Hmmm, I'll look into that. If you were somehow removed I'll re-add you to it.


----------



## 420 (Aug 31, 2013)

I just came to post here because I recently joined this group and I've already learned so much in the brief one hour that I've chatted with the wonderful people in here. If you want your times to drop by like 20 seconds, this is the place to receive tips from some of the best in the game. Seriously guys, join in here.


----------



## Cubetastic (Aug 31, 2013)

I'll join if I can remember my Skype name, I think it's gitrmstr


----------



## Ninja Storm (Aug 31, 2013)

420 said:


> I just came to post here because I recently joined this group and I've already learned so much in the brief one hour that I've chatted with the wonderful people in here. If you want your times to drop by like 20 seconds, this is the place to receive tips from some of the best in the game. Seriously guys, join in here.



Dude, if I could be sub(-8)...


----------



## KongShou (Aug 31, 2013)

420 said:


> I just came to post here because I recently joined this group and I've already learned so much in the brief one hour that I've chatted with the wonderful people in here. If you want your times to drop by like 20 seconds, this is the place to receive tips from some of the best in the game. Seriously guys, join in here.



If I could be sub -9...


----------



## 420 (Aug 31, 2013)

Ninja Storm said:


> Dude, if I could be sub(-8)...





KongShou said:


> If I could be sub -9...




WHHATTTTT!?!?!?!? You mean you guys aren't sub negative yet? Clearly you guys haven't joined this Skype group.


----------



## KongShou (Aug 31, 2013)

420 said:


> WHHATTTTT!?!?!?!? You mean you guys aren't sub negative yet? Clearly you guys haven't joined this Skype group.

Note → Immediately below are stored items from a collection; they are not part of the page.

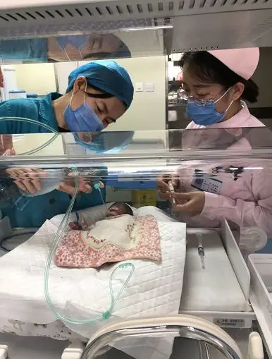 双胞胎老大,出生体重1.3kg,生后哭声弱,心率慢,立即给予新生儿复苏,孩子好转后急转入我科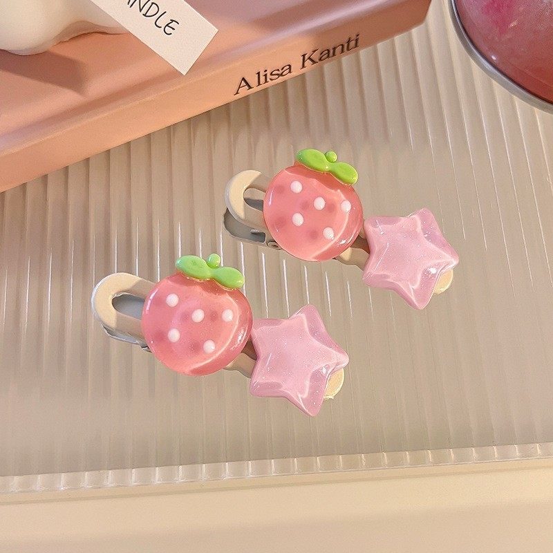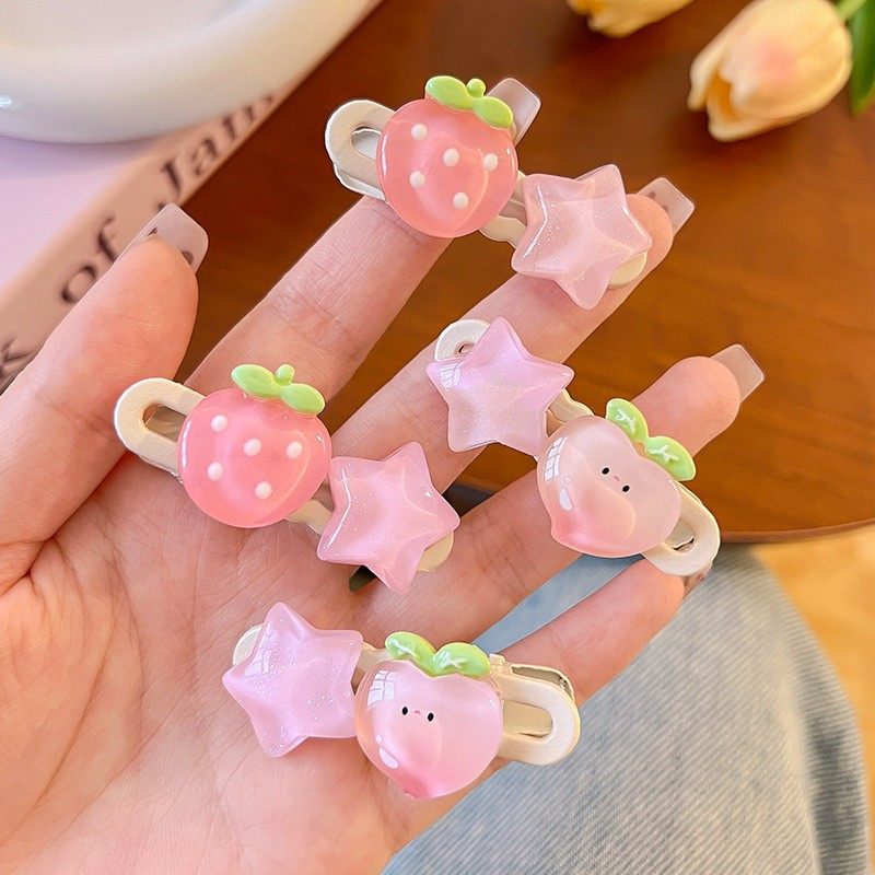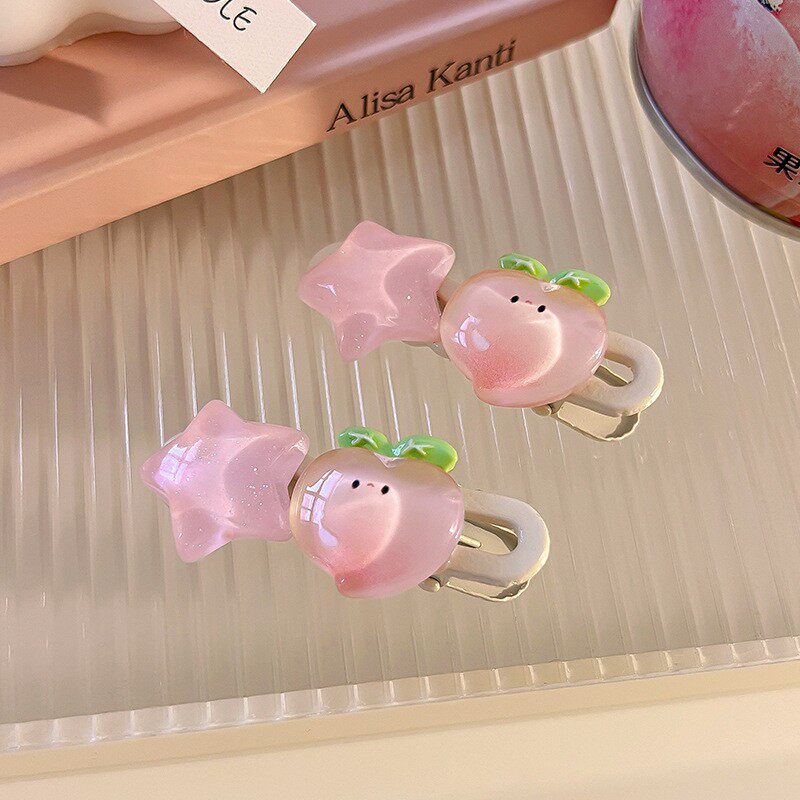新款 超甜粉色发夹系列少女水蜜桃山桃心小清新边夹发饰头饰小号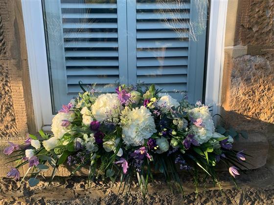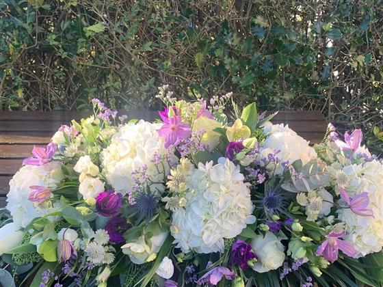 Purples, Whites & Greens Casket Spray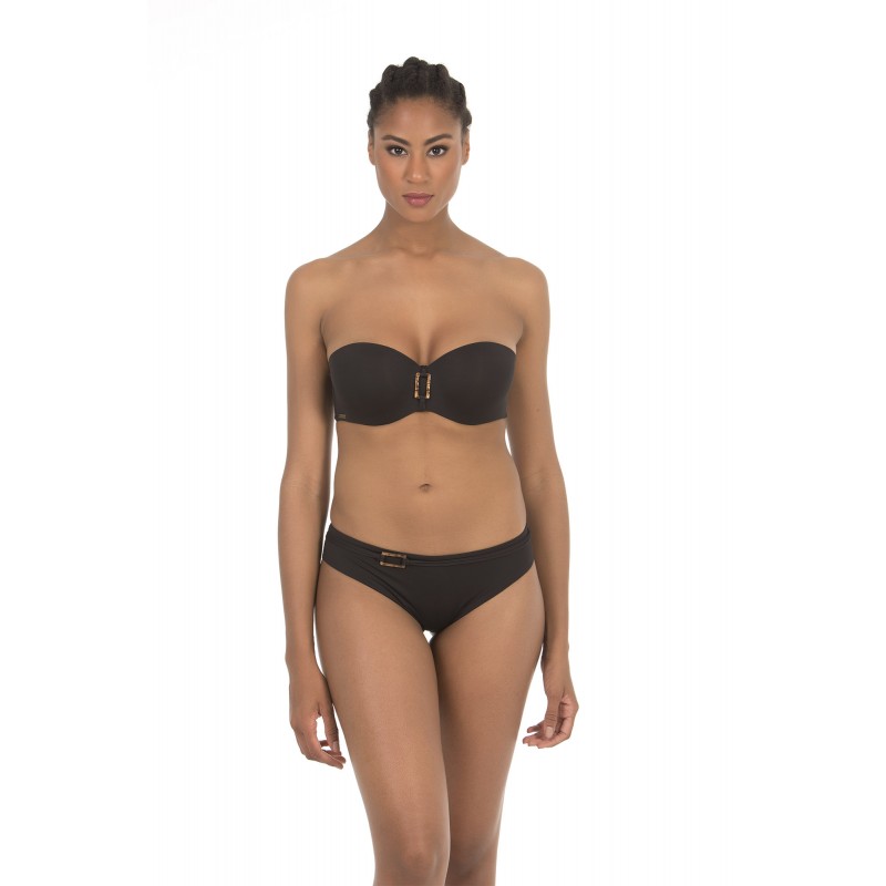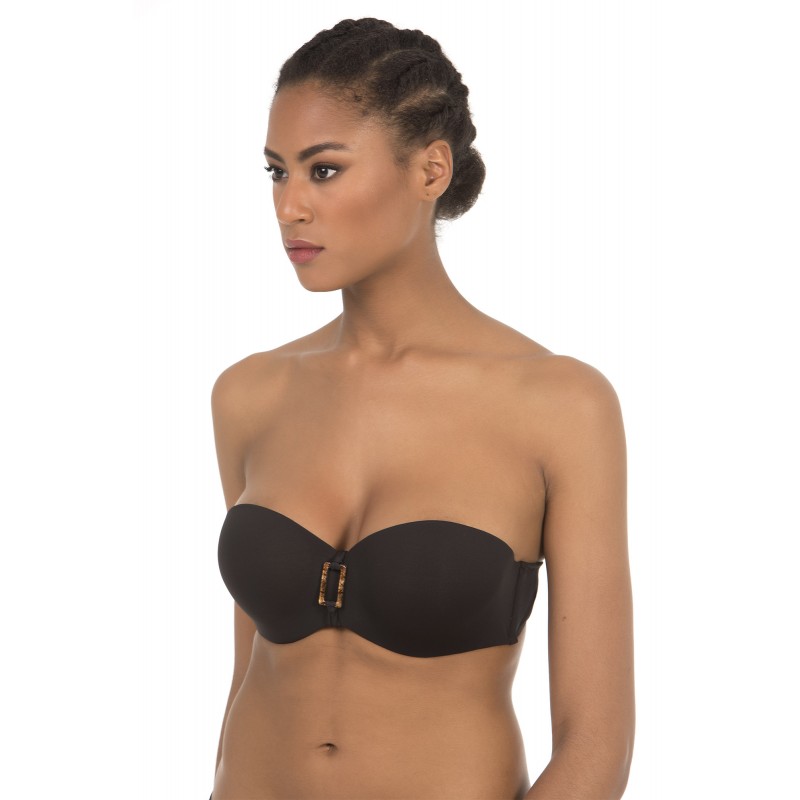 Top de bikini bandeau con aro y copa. Con tirantes extraíbles. Un diseño sencillo y atemporal. De color negro.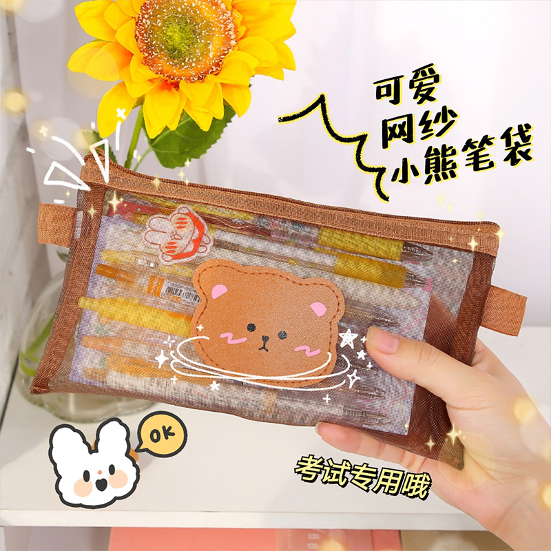 Transparent mesh pencil case ins Japanese girl small stationery box children boy small capacity primary school kindergarten pencil case 2022 new popular first grade simple stationery bag

Right creating Skype account dedicated to this group now. Goodbye my social life.


----------



## BluShehn (Sep 2, 2013)

KongShou said:


> Right creating Skype account dedicated to this group now. Goodbye my social life.



Good!


----------



## BluShehn (Sep 7, 2013)

420 said:


> I just came to post here because I recently joined this group and I've already learned so much in the brief one hour that I've chatted with the wonderful people in here. If you want your times to drop by like 20 seconds, this is the place to receive tips from some of the best in the game. Seriously guys, join in here.



Thank you for the outstanding feedback!


----------



## maxcube (Sep 7, 2013)

I'd like to join.


----------



## MrDemir (Sep 7, 2013)

has been sent a request


----------



## Dogacel (Sep 8, 2013)

I want to come - is there any free space for me ?


----------



## BluShehn (Sep 14, 2013)

Dogacel said:


> I want to come - is there any free space for me ?



There always is!


----------



## 123gas321 (Sep 26, 2013)

I'd like to be a part of this, I've rarely spoken to anyone who knows the way of the cube. I've added you and the 3 mods, I assume there is space to be added by whomever is on first?


----------



## BluShehn (Oct 4, 2013)

123gas321 said:


> I'd like to be a part of this, I've rarely spoken to anyone who knows the way of the cube. I've added you and the 3 mods, I assume there is space to be added by whomever is on first?



We have around 50+ members at the moment, however more than half are inactive, sadly. However we have around 10-15 members active all the time. So we'll always have room for now. However if we ever get 100 members I may have to set some restrictions.


----------



## cubemaste r (Apr 14, 2014)

is this group still active?


----------



## AlexCube (Apr 14, 2014)

cubemaste r said:


> is this group still active?



Yes. Btw am I even in the group? I talk but I'm not sure if I have been counted in  My Skype name is Juho Heikkinen.


----------



## Sky Cuber (Apr 14, 2014)

I want to join. Can I squeeze in ?


----------



## GG (Apr 15, 2014)

Is there any room left? XD


----------



## JKNK (Apr 15, 2014)

Can i join, my skype is Dem Cubes


----------



## cubemaste r (Apr 15, 2014)

Can I join? my skype name is n12i12r12


----------



## Royiky (Apr 15, 2014)

Can I join? My Skype name is rantamir


----------



## NEONCUBES (Apr 22, 2014)

Can I join my Skype name is tigerblade9696


----------



## soup (Apr 27, 2014)

lol, this group pretty much died. Only myself, qq, ben, and one other guy are in there.


----------



## 10461394944000 (Apr 27, 2014)

soup said:


> and one other guy



unfortunately


----------



## bosaapje (Apr 27, 2014)

Can't we bring life back into it?


----------



## Laradoodle4 (Apr 30, 2014)

I'm still there lol


----------



## bosaapje (May 1, 2014)

Can you add me? Bosaapje1


----------



## BluShehn (May 24, 2014)

Hello everyone. I haven't been on the Skype Group for a while (despite being admin). I'm going to start doing an overhaul of members and deleting those that have been inactive. Also, if you would like to join, please remember that you must ADD ME, and don't post your skype names here, as I will not add you myself. Sorry for the inactiveness, but I'm going to be doing a bit of spring cleaning with the Skype group. Thanks!


----------